Young campaigners protesting wind farms block one of the entrances to The Prime Minister's Office in Oslo, Norway, Friday, June 2, 2023. A group of 18 activists that were charged for not paying the fines they were given when they blocked several entrances to Norwegian government offices in 2023 over a wind farm that they say hinders the rights of the Sami Indigenous people to raise reindeer, were Tuesday, April 9 2024, acquitted by an Oslo court. Credit: AP/Lise Aserud

COPENHAGEN — A Norwegian court on Tuesday ruled that police acted unreasonably when they fined 18 activists for blocking entrances to government buildings last year, and acquitted the activists of charges of failing to pay the fines.

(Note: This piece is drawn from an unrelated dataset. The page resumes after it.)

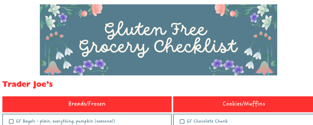 This GF shopping checklist contains over 40 recommended products that can be purchased at Stop & Shop, ShopRite, Trader Joe’s, Whole Foods and Wild By Nature, all organized by store and product type. Enjoy!

The group had taken part in actions in February and March 2023 over a wind farm that they say hinders the rights of the Sami Indigenous people to raise reindeer.

In its ruling, the court concluded “that it is neither necessary nor proportionate to react with a fine in the present case here.” It noted in particular that the activists were protesting about the continued operation of the wind farm despite an earlier Supreme Court judgment that the construction of the turbines had violated the rights of the Sami, who have used the land for reindeer for centuries.

Lawyers for activists said that the ruling “marks an important milestone for freedom of assembly and expression in Norway,” and that the court “found that the interventions by the state — the order to end the demonstration, the carrying out, the bringing to the police station and punitive action — overall violated the defendants' right to participate in peaceful assemblies and demonstrations.”

There are 151 turbines at Europe’s largest onshore wind farm, which is located in central Norway’s Fosen district, about 450 kilometers (280 miles) north of the capital, Oslo. The activists say a transition to green energy shouldn’t come at the expense of the rights of Indigenous people.

They have demonstrated repeatedly against the wind farm’s continued operation since the Supreme Court ruling in October 2021.

On Feb. 27, 2023, thirteen of them occupied the entrance hall of the Norwegian Energy Ministry and on March 2 five others blocked access to the Finance Ministry. They were removed by police and given fines of up for 5,000 kroner ($467) for not complying with the police order to leave the sites. They refused to pay the fines and were charged for not doing so.

The Oslo District Court on Tuesday said there is “no ‘particular justification’ to respond with a fine or other punitive action, meaning (the activists) must be acquitted.”

Ella Marie Hætta Isaksen, one of the activists, told Norwegian broadcaster NRK that she was surprised by the ruling.

“We had prepared for the worst, so the fact that we are all acquitted feels very good," she said.

Last month, the Norwegian government reached an agreement with the Sami people under which all of the the partially state-owned farm’s turbines will stay in operation. The Sami will receive compensation — including a share of energy produced — along with a new area for winter grazing and a grant of 5 million kroner ($467,000) for strengthening Sami culture.